On September 4, 2002, Batelco's operations were transferred to a new body named BTC, which received an interim licence in accordance with the Telecommunications Act of 1999. The government also wanted to find a strategic investor for BTC.

In the mid-2000s, the GSM (Global System for Mobile Communications) telephone system was introduced and replaced TDMA (Time Division Multiple Access).

During this time, the submarine BDSNi cable was introduced, connecting 14 islands of the Bahamas. The network was constructed by Tyco Telecommunications, a subsidiary of Tyco International.

In 2006, the Bahamas Haiti International (BHi) marked the first time BTC partnered with another nation. Using the BDSNi cable, BTC links Port-au-Prince, Haiti with Matthew Town, Inagua, connecting the neighbouring nation with Vibe, I-Connect, GSM, Wi-Fi and other products and services.

In 2007 BTC partnered with Cisco Systems to build a new Multiprotocol Label Switching (MPLS) backbone.
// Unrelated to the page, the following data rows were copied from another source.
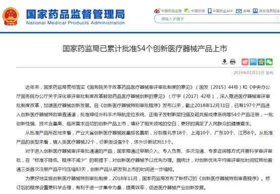 近年来,国家药监局贯彻落实《国务院关于改革药品医疗器械审评审批制度的意见》(国发〔2015〕44号)和《中央办公厅国务院办公厅关于深化审评审批制度改革鼓励药品医疗器械创新的意见》(厅字〔2017〕42号),深入推进医疗器械审评审批制度改革,加速医疗器械创新发展。自《创新医疗器械特别审批程序》发布以来,截止2018年12月31日,已有197个产品进入创新医疗器械特别审查通道,批准神经外科手术导航定位系统、正电子发射断层扫描及磁共振成像系统等54个产品注册,一批创新性强、技术含量高、临床需求迫切的创新产品上市,填补了相关领域的空白,更好的满足了人民群众的健康需求。
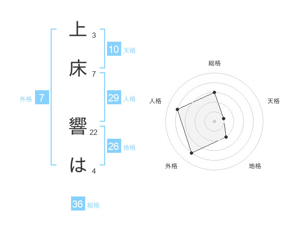 上床 響はさんの地格は26画の2点!
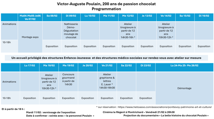 Une trentaine d’affiches de collection des années 1890 – 1920, vantant les mérites du chocolat, ont été présentées aux visiteurs du 18 juillet au 02 août 2020, permettant de redécouvrir les grands noms d’illustrateurs de cette époque. Un carnet d’activité agrémentait la visite. De plus, une conférence a été donnée par Pierre Cappiello, petit-fils de l’affichiste très renommé à l’origine du logo de la marque Poulain.

This new network allowed BTC to provide new Internet Protocol (IP) services to their customers.

In late 2007, in conjunction with the Ministry of Health, BTC tested a pilot program that allowed medical experts in New Providence to read the vital signs of a patient located at a Ministry of Health clinic in Coopers Town, Abaco.

During 2007 the Six Sigma program was created to reduce the response time to both fault resolution and the installation of services. The Universal Customer Service Representative (CSR), was designed to allow a CSR to work across different technologies, products and services, serving as a “one-stop shop” for BTC customers.

In 2008, a new online directory, bahamasypages.com was also introduced.

===Privatisation (2011 to present)===
On April 6, 2011, the Government of The Bahamas and the London-based Cable & Wireless Communications (CWC) signed an agreement privatising The Bahamas Telecommunications Company, and transferred 51% of the public corporation to CWC for a purchase price of $210 million. New payment methods, including online minute-loading, were introduced. The elimination of long distance charges between islands for calls originating from cell phones was introduced, and a half-million dollar expansion transformed what had been an administrative complex into the largest CWC store in the Caribbean. BTC also began a multimillion-dollar network overhaul to shift its data traffic from 2.5G speed to 4G. In 2014, after a change in government, a 2% share of the company – and controlling interest in BTC – was transferred from CWC back to the government.

As of 2012, BTC operated around 137,000 fixed telephone lines, 254,000 mobile telephone lines.

== Services ==
=== Broadband and Data ===
- DSL Speed Test
- Wi-Fi
- I-Connect (DSL)
- My I-connect (email)
- Vibe Unite
- Metro Ethernet
- Talk It Up Calling Card
- EZTop-Up

=== Wireless ===

- Prepaid
- PostPaid
- Roaming
- Handsets
- Mobile to Mobile TopUp
- iText (international texting)
- MMS
- VoLTE

==== Radio frequency summary ====

Frequency range: Band number; Generation; Protocol; Status; Notes
850 MHz CLR: 5; 2G; GSM/GPRS/EDGE; Active
1900 MHz PCS: 2; 3G; UMTS/HSPA/HSPA+/DC-HSPA+
850 MHz CLR: 5
1900 MHz PCS: 2; 4G; LTE/LTE-A
1700 MHz AWS: 4
700 MHz Lower SMH Blocks B/C: 12/17

=== Voice ===

- C.L.A.S.S.
- Telephone Service
- HomePhone Plus

=== Enterprise Services ===

- Key Systems and PBX
- Corporate Internet
- Leased Lines & Data Circuits
- Business Lines
- Satellite Broadcast Services
- International Toll Free

== Retail locations ==
There are currently 40 BTC retail stores throughout the entire Bahamas.

On October 13, 2012, the first BTC franchise location was opened on the island of Grand Bahama in the Britannia Plaza, on Polaris Drive.